Я бы сказал, что даже на той стороне, где пытаются общим образом разместить «деконструкцию» (кавычки в кавычках), даже здесь «деконструктивисты» и «деконструктивизмы» представляют собой попытку переприсвоить, приручить, нормализовать это письмо, с тем чтобы воссоздать новую «теорию» — «деконструктивизм» со своим методом и своими правилами, своими критериями различия между использованием и упоминанием, серьезностью своей дисциплины и своих институтов и т.д. Различие между, с одной стороны, деконструкцией или деконструкциями, эффектами и работами деконструкции и, с другой, теоремами и теоретическими переприсвоениями «деконструктивизма» — это различие является структурным, а не персональным. Сказать, что оно не является персональным, не означает сказать, что оно реально. Оно не обладает реальностью границы, которую одни пересекают, а другие нет. Ее всегда пересекают, стирают и вновь прочерчивают — вновь прочерчивают, стирая. Я не решусь назвать эту границу «идеальной», «регулятивной» или «теоретической» — по той самой причине, которую я только что упомянул. Однако нечто от этого есть, имеется граница, которая не существует ни как реальная, ни как идеальная.

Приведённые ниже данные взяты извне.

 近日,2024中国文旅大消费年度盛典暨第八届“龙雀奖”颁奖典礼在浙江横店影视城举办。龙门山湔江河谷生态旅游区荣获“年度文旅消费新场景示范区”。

2. С другой стороны, генерализация кавычек (будет ли это нормальное использование кавычек или уже извращенное неустойчивостью линии границы между положением использования и положением упоминания) указывает сегодня на то, что единственный возможный «теоретический» подход, единственное последовательное отношение к языку, единственное отношение бдительного и формализующего анализа, единственное объективное и объективирующее отношение к дискурсу и к тому, что этот дискурс говорит, необходимым образом задействует последовательное использование кавычек — то есть упоминание, осознанность и практику упорядоченной целостности нашей лексики и нашего синтаксиса.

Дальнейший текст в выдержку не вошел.